**Work order**
Omit every picture, and retype the lines that run from the beginning of the data below through the line containing "Open floorplan in", inclusive.

[Raw data Boundary: Start]

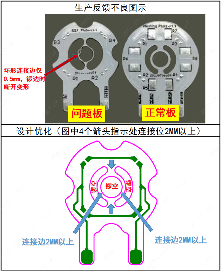 在生产锣板中,对于两边锣空位,中间很窄的连接边易锣形或断板的,至少需要2MM以上的连接位才能保证连接上不断开的(若板的尺寸很大,此连接边也需要相应的加宽)。
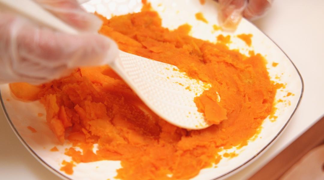 3. 将煮熟的红薯放入容器中,压成泥状。
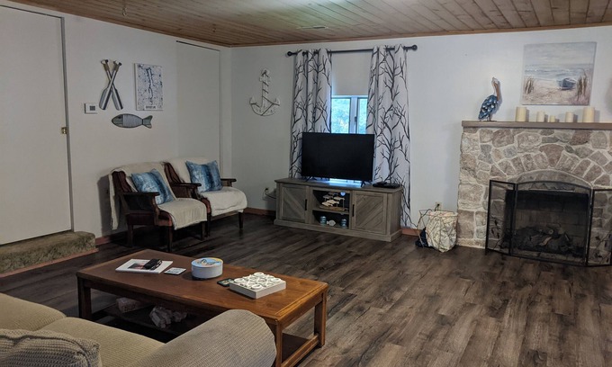 Open floorplan in living and kitchen area with large dining table and comfortable couch. Two full baths on main floor. New washer and dryer. Basement has another bedroom with king bed and another living area with additional sleeping including another queen bed and queen air mattress. Cot and twin mattress if needed. Wifi and a smart TV with dvd players and movies. Fire pit. Plenty of parking. 2 grills, charcoal and gas. Minutes to Sportsman's Anchor with boat ramp and covered docks, food, bait and pontoon rentals. One minute to Jonathon's Creek boat ramp. Less than ten minutes to Dollar General Store and liquor store.
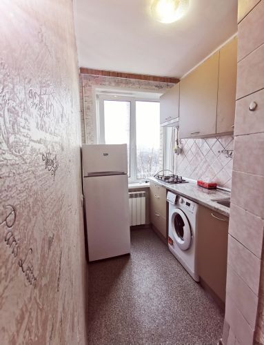 Мостмцька, 6, затишна, маленька квартира площею 22 кв.м. Відмінна інфраструктура. В квартирі нова побутова техніка та меблі. . Газова поверхня " Heinner", витяжка . Кондиціонер "Cooper Hunter", холодильник "Beko", пральна машина "Indesit" , бойлер . Нова кухня, нова побутова техніка, новий диван та велика нова шафа. Євровікна, поміняні радіатори. Є лічильника на газ, воду, електроенергію.

[Raw data Boundary: End]

**Response to the task**
 在生产锣板中,对于两边锣空位,中间很窄的连接边易锣形或断板的,至少需要2MM以上的连接位才能保证连接上不断开的(若板的尺寸很大,此连接边也需要相应的加宽)。
 3. 将煮熟的红薯放入容器中,压成泥状。
 Open floorplan in living and kitchen area with large dining table and comfortable couch. Two full baths on main floor. New washer and dryer. Basement has another bedroom with king bed and another living area with additional sleeping including another queen bed and queen air mattress. Cot and twin mattress if needed. Wifi and a smart TV with dvd players and movies. Fire pit. Plenty of parking. 2 grills, charcoal and gas. Minutes to Sportsman's Anchor with boat ramp and covered docks, food, bait and pontoon rentals. One minute to Jonathon's Creek boat ramp. Less than ten minutes to Dollar General Store and liquor store.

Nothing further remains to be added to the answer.